The tracking of regulatory service includes in-house and ASP compliance (RepTrax, competency, downtime and documentation). This topic covers numerous areas that include adherence to organizational requirements for entrance into the facility, compliance to state and federal regulatory requirements and observance of organizational standards related to the installation and ongoing maintenance of medical equipment in the facility.
Busdicker says that another element of quality and compliance is to sit down with stakeholders and discuss it regularly.
“We schedule quarterly business reviews with all major service providers and our in-house teams to provide data and information around program performance. These reviews include information around regulatory compliance, performance against service level agreements, special interest items, equipment downtimes, and targets for the next quarter. Most of these reviews are done in conjunction with the in-house and authorized service providers,” he says.
Besides bringing in service providers, a HTM department should look internally.

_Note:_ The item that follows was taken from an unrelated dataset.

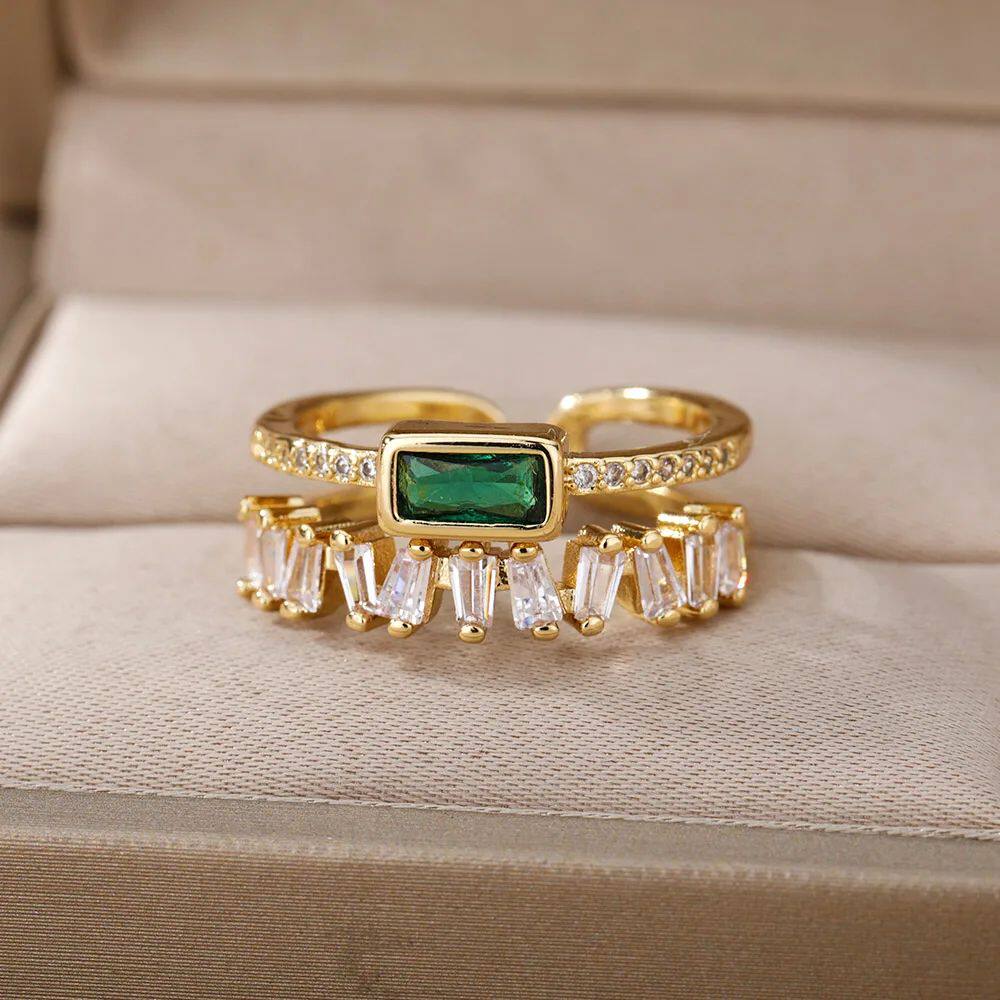 Double Women Classic Irregular Rings For Zircon Green Layer

“The HTM department here at Intermountain has developed and implemented an internal audit process for our program. This audit evaluates regulatory compliance, policies/procedures, implementation of organizational requirements and overall HTM program implementation,” Busdicker explains.
“We complete a final audit report for each facility within the system and develop an action plan to be implemented and completed the following year. This includes a formal report to executive leadership.”

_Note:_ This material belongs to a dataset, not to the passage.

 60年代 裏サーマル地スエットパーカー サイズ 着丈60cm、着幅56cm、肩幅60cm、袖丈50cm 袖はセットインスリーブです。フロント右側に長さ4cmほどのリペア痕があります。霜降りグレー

Finally, keeping the lines of communication open within the department through daily and weekly huddles can achieve several goals.
“These huddles are not problem-solving forums, but provide an opportunity for staff and leaders to share important information centered on patient care and treatment. The huddles ae limited in time and provide an opportunity for a safety minute, recognition of caregivers, performance in relation to metrics, any compliance concerns, and any other organizational issues that might need to be shared with leadership,” Busdicker says.
To make cost savings more sustainable instead of just temporary, Busdicker suggests using an analytics-driven approach to control service spend, increase utilization and reduce expenditures.
“It is very important to use analytics and reports to ensure the program is driving sustainable savings over the long term instead of just focusing on the short term,” he says.
“If short-term savings are the only goal, the long-term result will be an increased cost for the organization and for health care as a whole. Therefore, it is very important for the organization to develop analytics and reports to demonstrate consistent results that can be benchmarked and used as performance metrics. These analytics, benchmarks and metrics need to be monitored on a routine basis in order to continue controlling cost and maintaining or improving quality,” Busdicker adds.
With this roadmap in mind, the HTM department can be a model for all departments in achieving levels of efficiency, self-monitoring and cost savings to benefit the whole organization.
Hall points out that every health care facility has unique needs.
“There are many different approaches to medical maintenance, and there is no single solution that works for all health care providers. And the advantages and trade-offs of each must be considered across a variety of factors. Some models may achieve a reduction in operating expenses through brute force limitations that pare equipment service back to a near break-fix mentality and leave large gaps that can increase costs, potentially imperiling patient care delivery and staff productivity,” Hall says. “Some may have hidden costs resulting from administrative paperwork or a lack of access to training and advanced tools. Others may inherently have more risk and can have downstream operational impact that can offset cost savings.”
“There are many approaches to cutting costs, but the approach you choose should not come at the expense of equipment performance, continuity and timeliness of patient care, staff satisfaction and productivity, or the ability to capture and utilize data to improve and guide decision making,” he adds.